Hacker News new | ask | show | jobs
by grug_htmx_dev 1021 days ago
Yes, async is effectively a much harder version of Rust, and it's regrettable how it's been shoved down the throats of everyone, while only 1% of projects using it really need it. Hover, async is also amazing in these 1% of cases when it's useful.

If you have a service that handles massive amounts of network calls at the core (think linkerd, nginx, etc.), or you want to have a massive amount of lightweight tasks in your game, or working on an embedded software where you want cooperative concurrency, async Rust is an amazing super-power.

Most system/application level things is not going to need async IO. Your REST app is going to be perfectly fine with a threadpool. Even when you do need async, you probably want to use it in a relatively small part of your software (network), while doing most of the things in threads, using channels to pass work around between async/blocking IO parts (aka hybrid model).

Rust community just mindlessly over-did using async literally everywhere, to the point where the blocking IO Rust (the actually better UX one) became a second class citizen in the ecosystem.

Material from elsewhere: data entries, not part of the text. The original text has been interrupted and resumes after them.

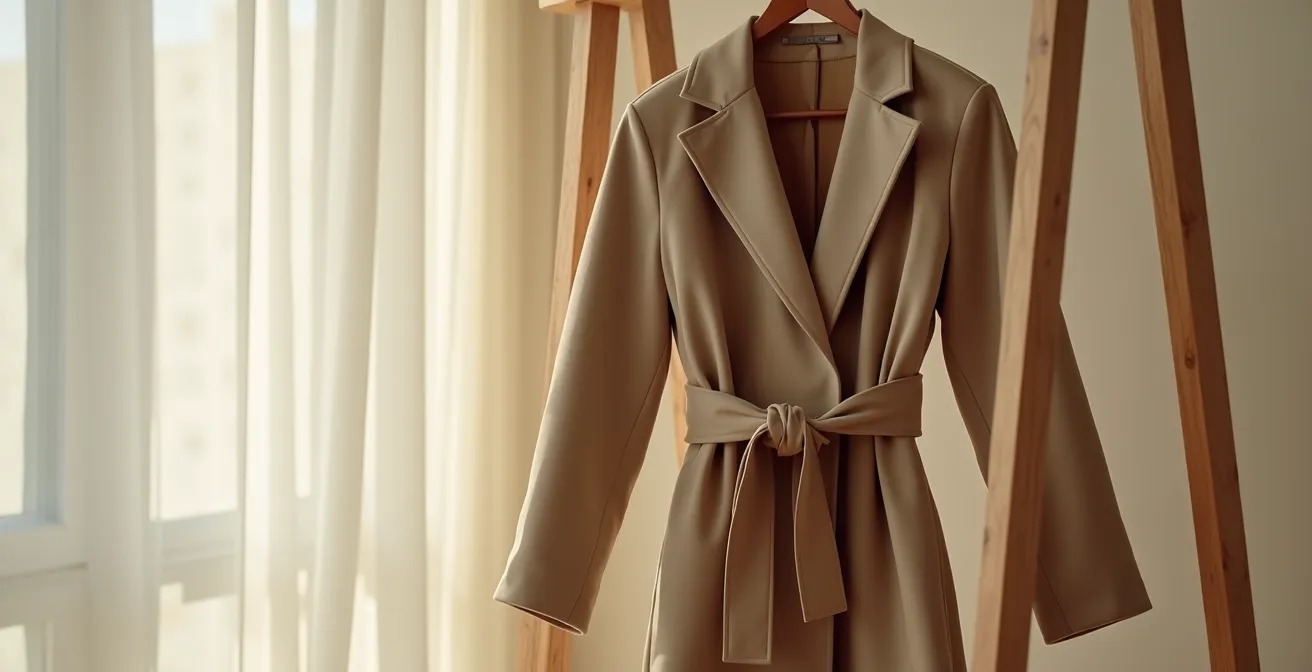 Ceinturer un manteau droit ou une veste ample est un défi. La crainte principale ? L’effet « sac », où le vêtement se fronce de manière peu flatteuse à la taille, ajoutant du volume là où l’on souhaite en enlever. Le secret n’est pas de serrer la ceinture à tout prix, mais de créer un point d’équilibre visuel et de jouer avec le drapé du tissu. L’objectif est de sculpter la silhouette, de suggérer une taille plutôt que de la comprimer.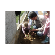 Le "Coccinelle di Biribum", i nonni, i bambini seminano nell'orto della Casa Accoglienza e in Candiolo i semi delle Zucche Solidali.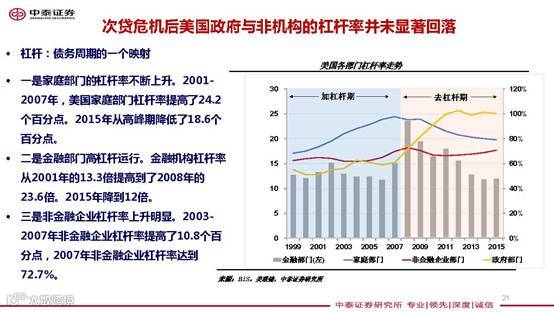 在这样的底线思维下,投资的风险就显得不大了。从美国和日本经济政策去杠杆的事例看,也没有实现全面去杠杆。发生金融危机之后,两国政府杠杆率均出现上升,居民杠杆率则明显回落,但非金融企业部门的杠杆率则没有出现明显的回落。因此,从全球来看去杠杆都是国际性难题,不要认为想去就能去得掉,从而把金融监管的加强视作股市或楼市的利空因素。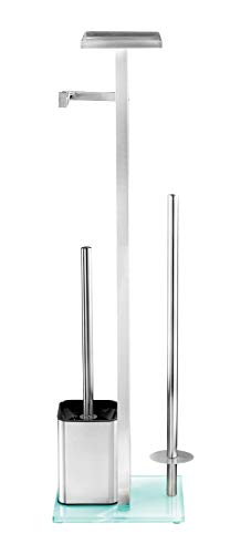 Verleihen Sie Ihrem Bad einen neuen Look mit der hochwertigen Stand WC-Garnitur Debar. Mit ihren klaren und einzigartigen Formen präsentiert sich die WC-Garnitur garantiert von ihrer besten Seite. Doch der Toilettenpapierhalter der Bad-Serie Debar überzeugt nicht nur mit seinem formschönen Design aus modernem Vierkantrohr. Auch das Material aus rostfreiem, mattiertem Edelstahl kann sich zweifelsohne sehen lassen. Sie ist eine praktische 4 in 1 Kombination bestehend aus einem offenen WC-Bürstenhalter, einem Toilettenpapierrollenhalter für die sofortige Entnahme und einem separaten Ersatzrollenhalter für die Aufbewahrung von bis zu 3 weiteren Rollen. Zusätzlichen Komfort bietet die praktische Ablage für eine Feuchttücher-Box oder andere Utensilien, z.B. Handy, etc. Natürlich ist die Ablage rutschhemmend beschichtet. Ein quadratischer Standfuß aus weißem Sicherheitsglas sorgt durch seine perfekte Größe für sicheren Stand. Im Lieferumfang ist eine WC-Bürste mit auswechselbarem, schwarzem Bürstenkopf von Ø 8,5 cm enthalten. Mit dieser praktischen WC-Bürste kann das WC gründlich gereinigt werden. Bei Nichtgebrauch kann diese anschließend in dem Behälter aus satiniertem Sicherheitsglas verstaut werden. Die Bürste gewährleistet durch ihre strapazier- und anpassungsfähigen Borsten eine zuverlässige Nutzung. Erfreuen Sie sich ebenfalls an dem stilvollen Handtuchbutler der Serie Debar und bringen Sie so den Lifestyle in Ihr Badezimmer.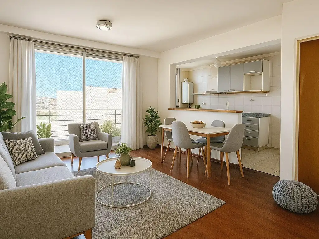 Cuenta con living-comedor con piso flotante, barra desayunador y cocina integrada a gas equipada con muebles bajo y sobre mesada.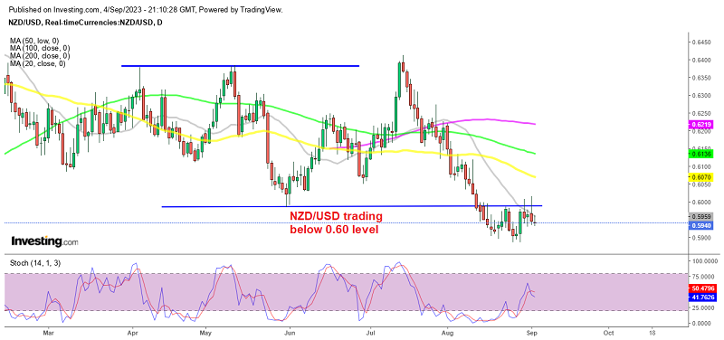 NZD/USD retraced above 0.60, but buyers couldn't hold the gains and we're seeing a bearish reversing pattern forming on the daily chart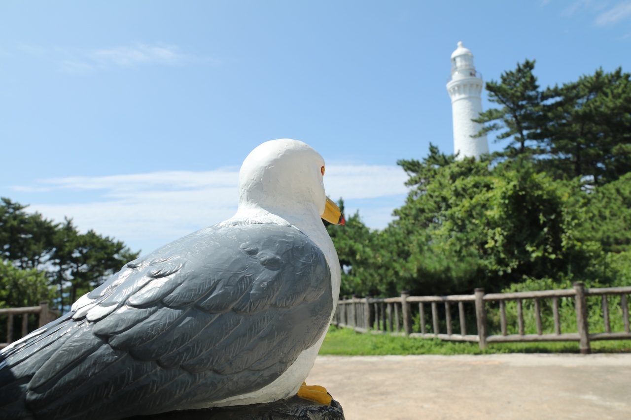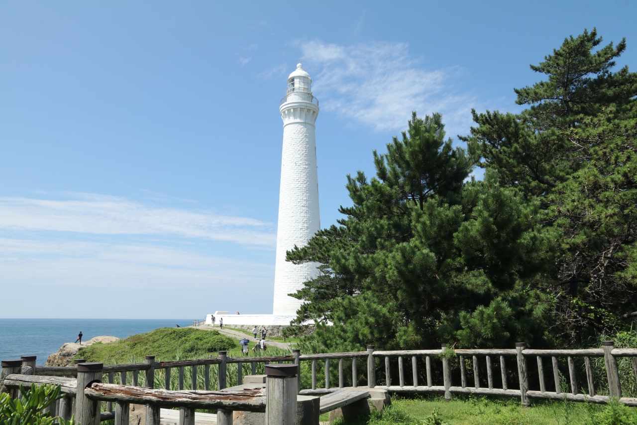 真っ白い灯台の姿も青い日本海もバックに美しく、来た甲斐はあったと思いました。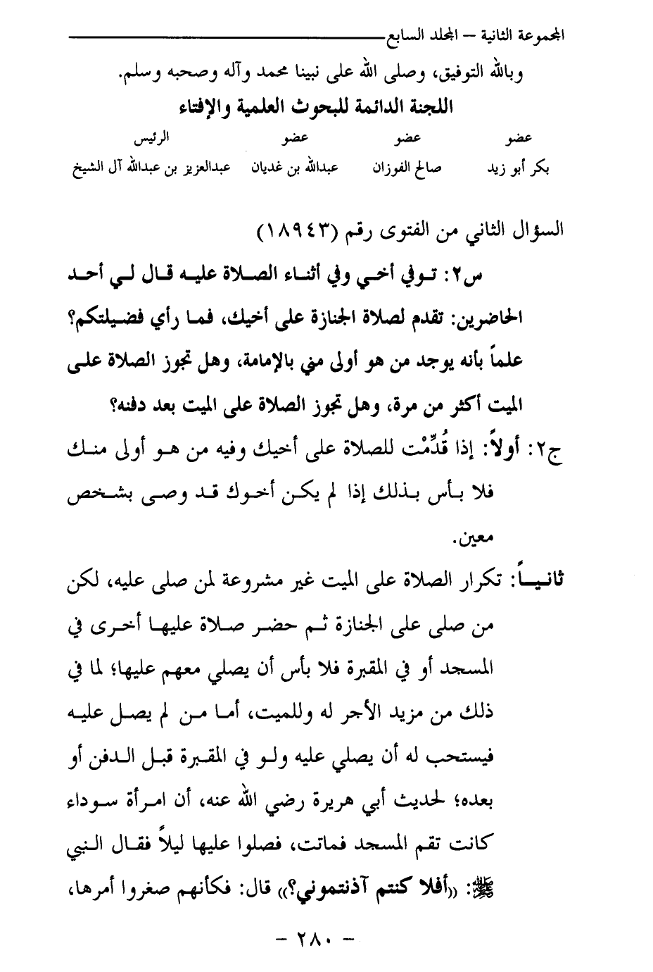 س 2: توفي أخي وفي أثناء الصلاة عليه قال لي أحد الحاضرين: تقدم لصلاة الجنازة على أخيك، فما رأي فضيلتكم؟ علما بأنه يوجد من هو أولى مني بالإمامة، وهل تجوز الصلاة على الميت أكثر من مرة، وهل تجوز الصلاة على الميت بعد دفنه؟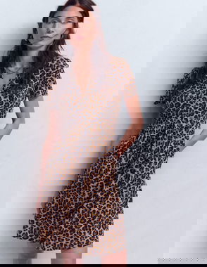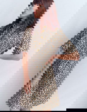 Naomi Short Jersey Dress-Camel, Cheetah Pop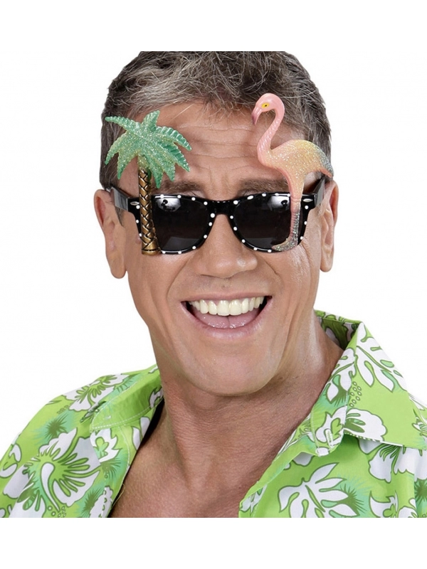 Lunettes fantaisies tropicales avec flamand rose et palmier pour vos soirées d’été, soirée hawaïenne ou enterrement de vie de célibat.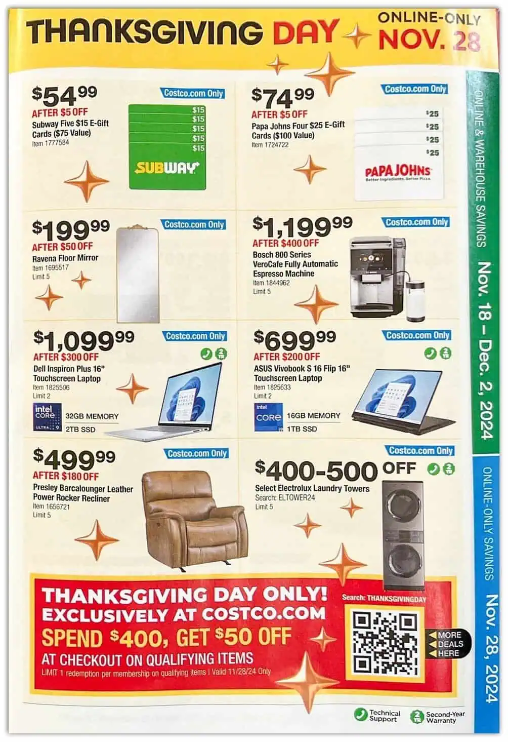 Deals go live Nov. 18th and run through Dec. 2nd ,2024. - Costco Thanksgiving Day Event: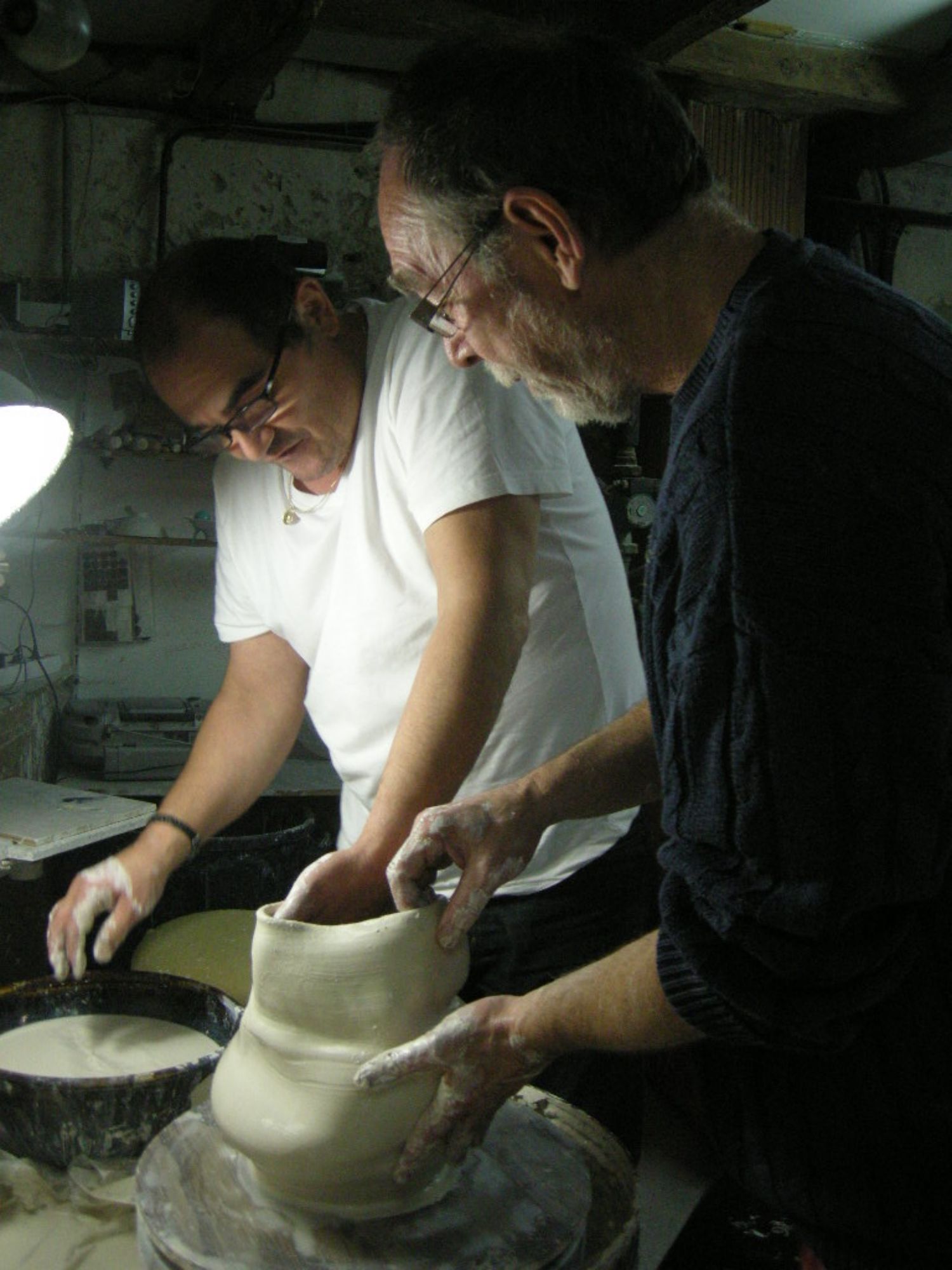 À part les pots de jardins qui sont en grès ou en terre réfractaire, toute sa production est en porcelaine. Il prépare lui-même ses terres et sa porcelaine qu’il cuit à 1320°.

Especially visible with web frameworks where there is N well designed async web frameworks (Axum, Wrap, etc.) and if you want a blocking one you get:

  tiny_http, absolute bare bones but very well done
  rouille - more wholesome, on top of tiny_http, but APIs feel very meh comparing to e.g. Axum
  astra - very interesting but immature, and rather barebones
3 comments

The argument here is that Rust chose to implement coroutines the wrong way. It went the route of stackless coroutines that need async/await and colored functions. This creates all the friction the article laments over.

But it also praises Go for its implementation, which is also based on a coroutine of a different kind. Stackful coroutines, which do not have any of these problems.

Rust considered using those (and, at first, that was the project's direction). Ultimately, they went to the stackless operation model because stackfull coroutine requires a runtime that preempts coroutines (to do essentially what the kernel does with threads). This was deemed too expensive.

Most people forget, however, that almost no one is using runtime-free async Rust. Most people use Tokio, which is a runtime that does essentially everything the runtime they were trying to avoid building would have done.

So we are left in a situation where most people using async Rust have the worst of both worlds.

That being said, you can use async Rust without an async runtime (or rather, an extremely rudimentary one with extremely low overhead). People in the embedded world do. But they are few, and even they often are unconvinced by async Rust for their own reasons.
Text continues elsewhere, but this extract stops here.